Representation: Graph Embedding

structure2vec : 각 노드들은 p-dimension의 feature embedding \(\mu_v\) 갖고있음, \(v\in V\)

\[\mu_v^{t+1}\quad\leftarrow \quad F(x_v, \; \left\{\mu_u^{(t)} \right\}_{u\in N(v)}, \; \left\{ w(v,u)\right\}_{u\in N(v)} ; \theta )\]

\(F\): generic non-linear mapping(NN, kernel function)

\(N(v)\): set of neighbors

-> 이웃 노드들의 feature, weight를 이용해 새로운 \(\mu_v^{t+1}\) 생성

-> 위 연산을 \(T\)번 반복하면 T-hop의 정보를 얻는 것으로 생각할 수 있음 (usually \(T=4\))

뉴럴넷 이용해 다시 적어보면, 위 식은

\[relu(\theta _{ 1 }x_{ v }\, +\, \theta _{ 2 }\sum _{ u\in N(v) } \mu_u^{(t)} \, + \, \theta_3\sum_{u\in N(v)}{relu(\theta_4w(v,u))} )\]

로 표현할 수 있다.

\(\theta_1\in\mathbb{R}^\rho \quad\), \(\theta_2,\theta_3\in\mathbb{R}^{\rho \times \rho \quad }\), \(\theta_4\in\mathbb{R}^\rho\)
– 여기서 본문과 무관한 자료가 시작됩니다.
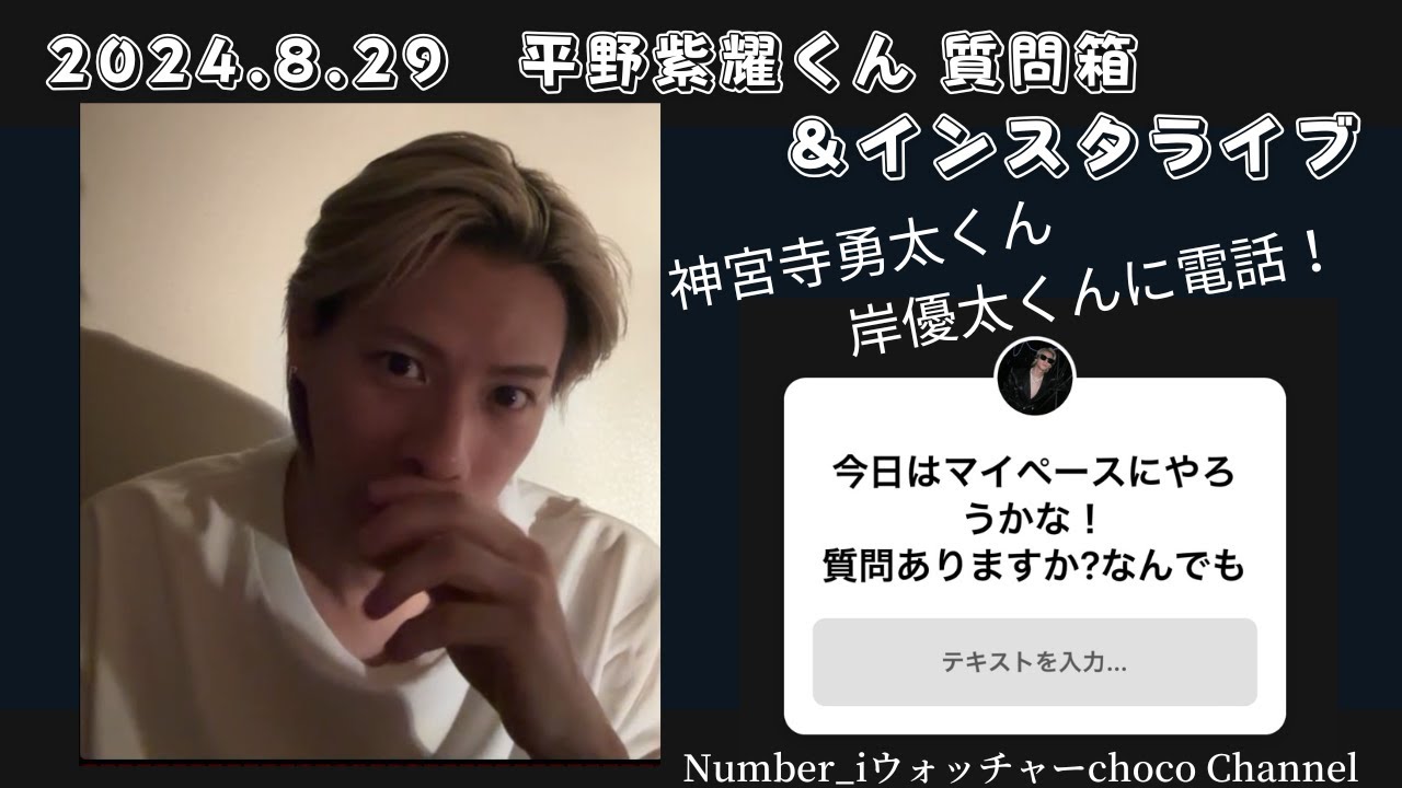 2024.8.29平野紫耀くん質問箱&インスタライブです♪岸優太くん、神宮寺勇太くんに電話しちゃう平野紫耀くん♡ちなみにインスタライブは始めからには間に合わず途中からです、予めご了承くださいませ。

각 파라미터는 위와 같은 차원을 갖고 차근차근(?) 따져보면 \(\mu_v^{t+1}\)는 \(\rho\) 차원을 갖는것을 확인할 수 있다.

위 연산은 각 노드들의 feature를 구하는 과정이고 이 구해진 feature들을 이용해 estimated Q 또한 뉴럴넷 이용해 구한다.

\[\hat{Q}(h(S), v;\theta) \, = \, \theta_5^Trelu([\theta_6\sum_{u\in V}{\mu_u^{(T)}},\; \theta_7\mu_v^{(T)}])\]

\(\theta_5\in \mathbb{R}^{2\rho} \quad\), \(\theta _{ 6 },\theta _{ 7 }\in { R }^{ \rho \times \rho } \quad\), \([\cdot , \cdot ]: Concatenation\)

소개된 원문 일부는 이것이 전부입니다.